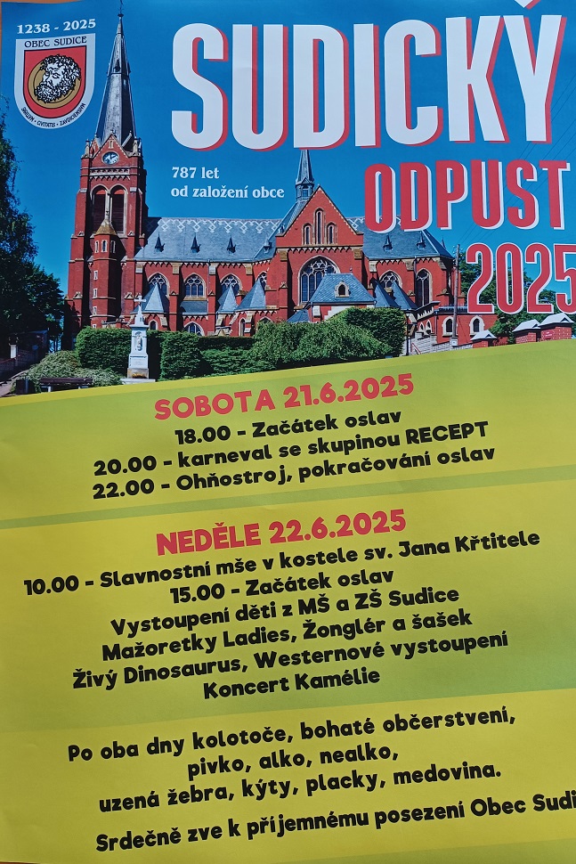 Obec Sudice zve na akci Sudický odpust. (viz. plakát)
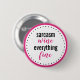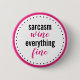 Knapp för flickor "Sarcasm, Vin, All Bra". Svart och shock rosa. Trendigets typografi.
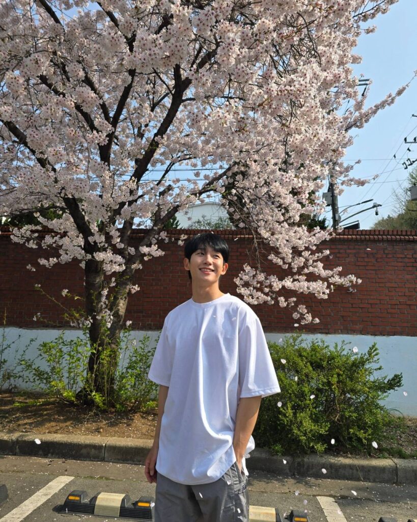 The photos showcase Jung Hae In striking various poses amidst a stunning backdrop of cherry blossoms. His radiant smile, coupled with the fluttering petals, has certainly caught the attention of his fans.
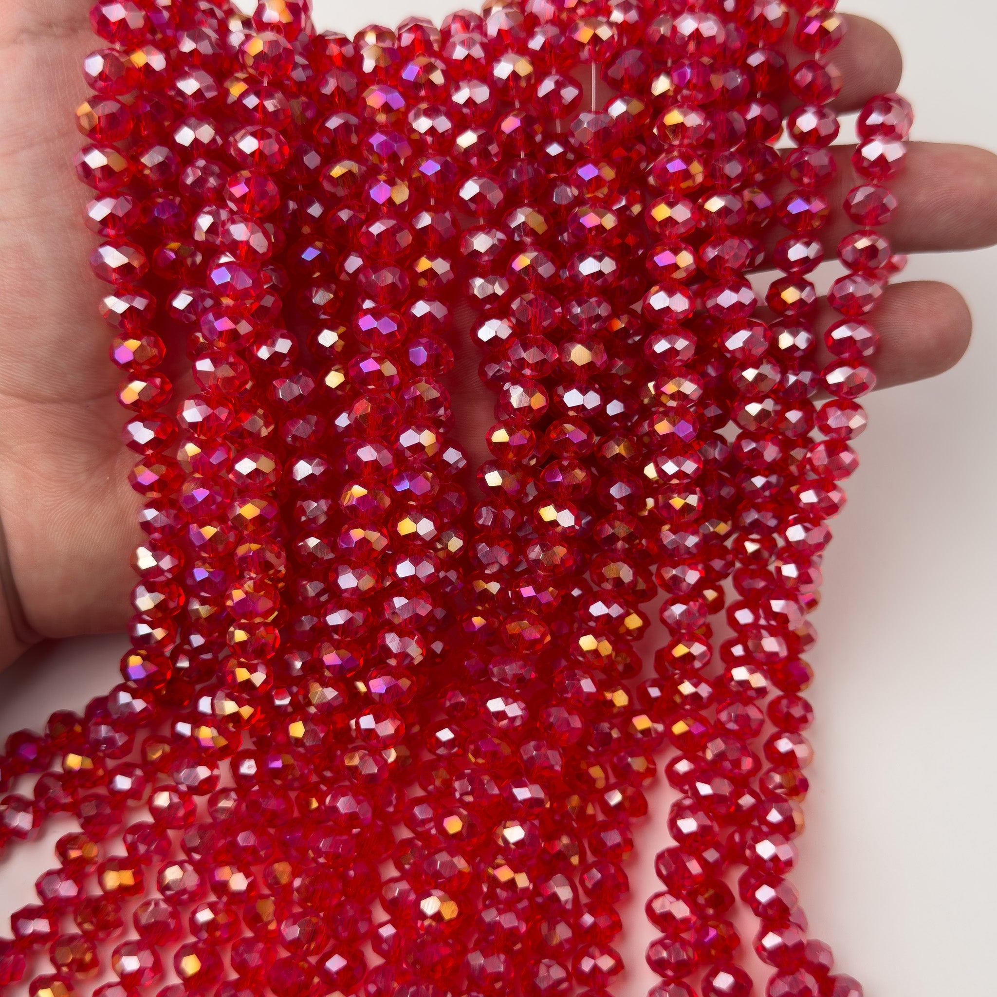 Cristalli Rondella Rosso Fragola Trasparente Aurora Boreale 8mm - Filo da 40 cm | Sarobidy
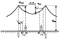 Так как заземлитель обычно состоит из нескольких параллельно соединенных электродов, расположенных на сравнительно небольших расстояниях друг от друга, то возникает явление экранирования (рис. 12 - 5), приводящее к уменьшению объема грунта, в котором происходит растекание тока с каждого электрода, и, как следствие этого, увеличение сопротивления заземлителя. Таким образом, если заземлитель из одного электрода имеет сопротивление rэд, то заземлитель из n параллельно включенных электродов имеет сопротивление не rэд/n, а
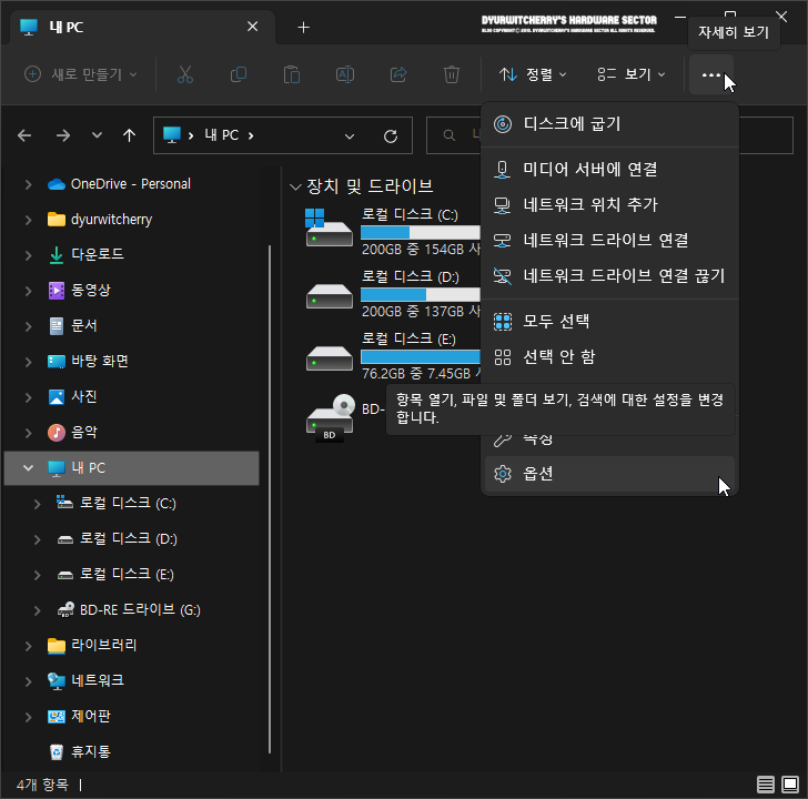 윈도우 11 파일 탐색기의 최근에 사용한 문서 등의 파일과 열어본 폴더 등의 자주 사용하는 폴더 등의 사용 기록 삭제하는 방법은 먼저, 윈도우 11 시작 메뉴 또는 작업 표시줄의 파일 탐색기를 선택하거나 단축키 'Windows ⊞ + E' 키를 눌러 파일 탐색기를 실행 합니다. 파일 탐색기가 실행 되면 상단 도구 모음 오른쪽의 '⋯' 자세히 보기 메뉴 아이콘을 클릭하여 아래로 롤오버 되는 세부 메뉴 중 '☼ 옵션' 항목을 선택 합니다.

_Work request_
Return the opening line of the data above and every line after it up to and including the line that holds "Cristalli Rondella Rosso"; pictures stay out.

_Result of this exercise_
 Obec Sudice zve na akci Sudický odpust. (viz. plakát)
 Knapp för flickor "Sarcasm, Vin, All Bra". Svart och shock rosa. Trendigets typografi.
 The photos showcase Jung Hae In striking various poses amidst a stunning backdrop of cherry blossoms. His radiant smile, coupled with the fluttering petals, has certainly caught the attention of his fans.
 Cristalli Rondella Rosso Fragola Trasparente Aurora Boreale 8mm - Filo da 40 cm | Sarobidy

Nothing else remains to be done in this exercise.